Он замолчал. Она ждала минуту, две, три, но он не возвращался, ей стало тревожно.

– Ну, как ты? Отдохнул?

– А-ха-ха-ха! – засмеялся он громко. – Вот теперь я точно смогу отдохнуть!

– Да уж!.. – она улыбнулась.

– Да уж… – он затих.

Они замолчали. Молчали долго.

– Так хочется тебя обнять… – прошептала она жалобно.

Он не ответил.

– Ты здесь? – спросил он.

– Да, я тут, ты же меня видишь, – ответила.

– Вижу… Тоже странное ощущение.

– Ты… сформулировал?

– Нет еще… Пытаюсь понять. Сориентироваться…
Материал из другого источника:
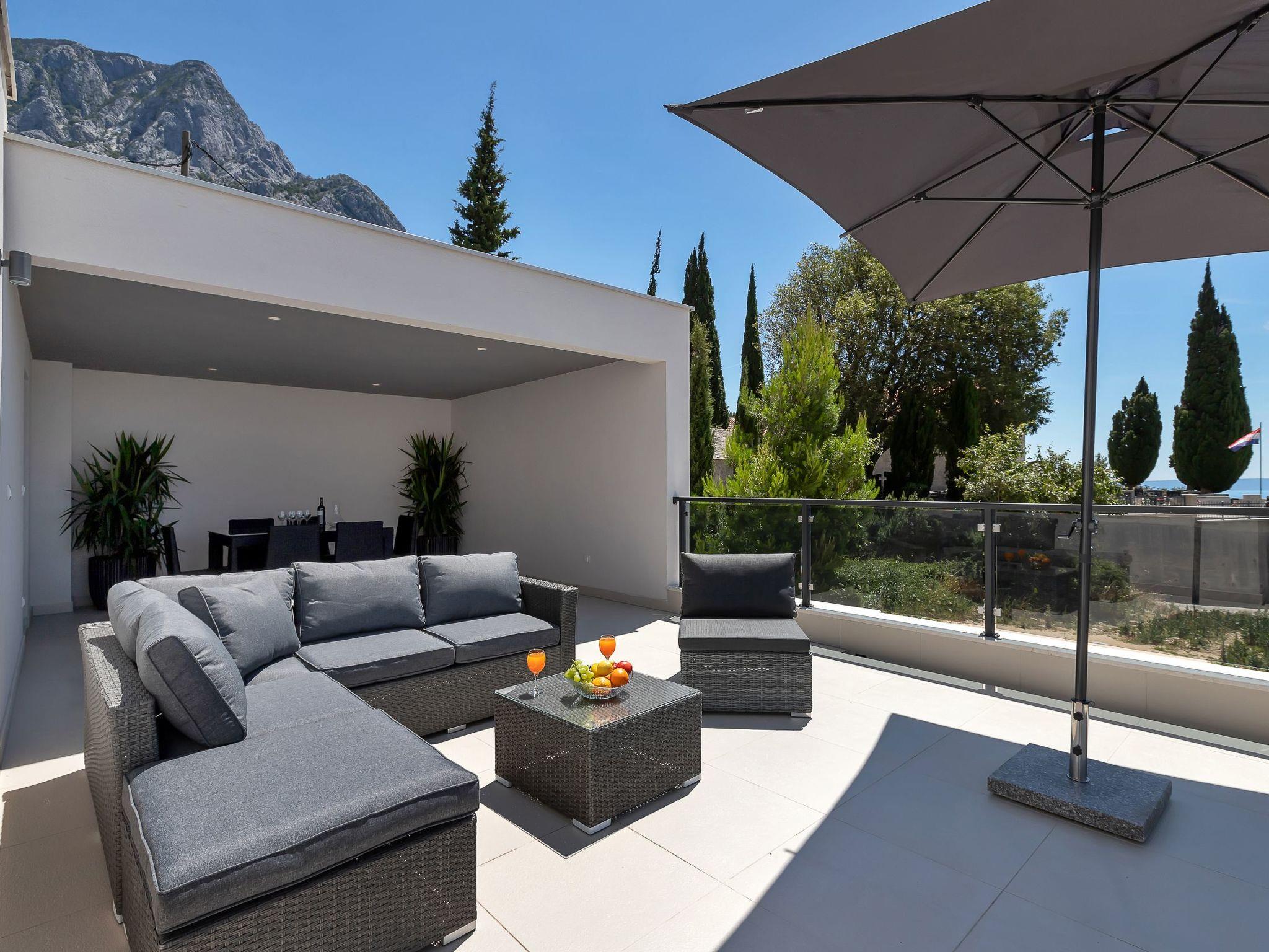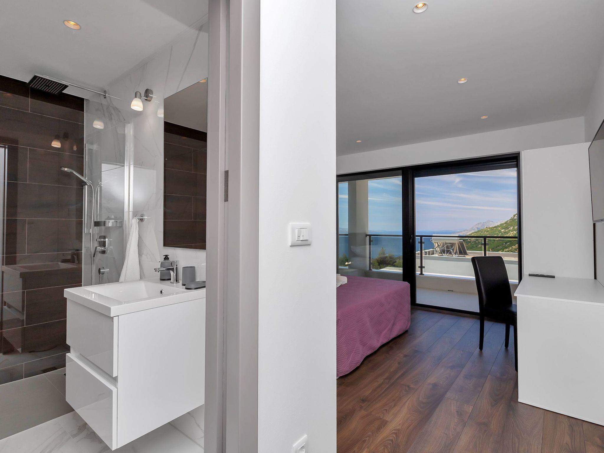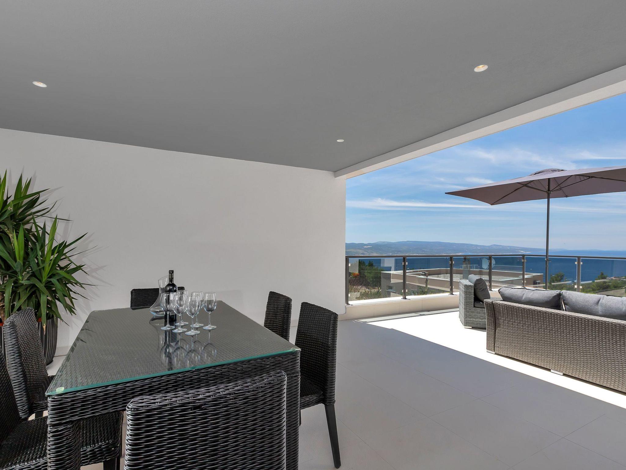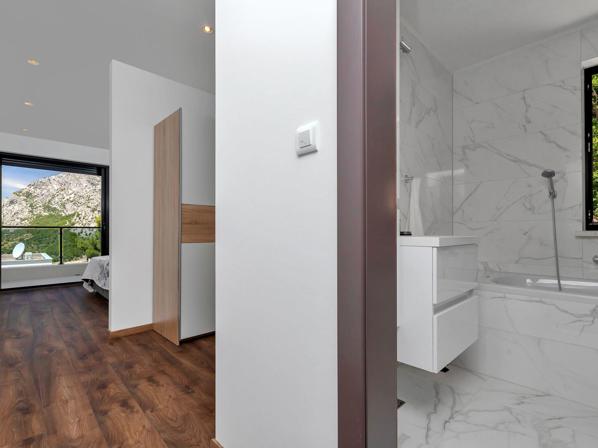 Die Villa E ist ein brandneues, modernes Ferienhaus, das sich in ruhiger Lage im malerischen Ort Bast, oberhalb der Küste von Baška Voda, befindet. Auf zwei Etagen bietet das Haus alles, was Sie für einen entspannten und luxuriösen Urlaub benötigen.

– Я не тороплю. Мне самой еще… – она улыбнулась, нервно засмеялась.

– Да уж… тебе тоже надо привыкнуть. Ко мне такому… Но…

Он осекся. Они помолчали.

– …меня сделают видимым, и будет легче.

– Да, да, конечно… Конечно… легче…

– Ну не совсем, конечно… – он ухмыльнулся.

– Ничего! Ничего! Милый! Мы привыкнем! – она улыбнулась, сделала движение рукой, словно хотела прикоснуться к нему.

Они замолчали. Столбики индикатора звука на экране монитора сложились, оставив внизу пару неподвижных зеленых черточек. И вдруг снова взлетели вверх.

– Зря ты сказала про объятия. Я вот тоже хочу тебя… поцеловать! – произнес он с издевкой.

– Все будет, все будет, милый, ты привыкнешь! Мы привыкнем! А потом…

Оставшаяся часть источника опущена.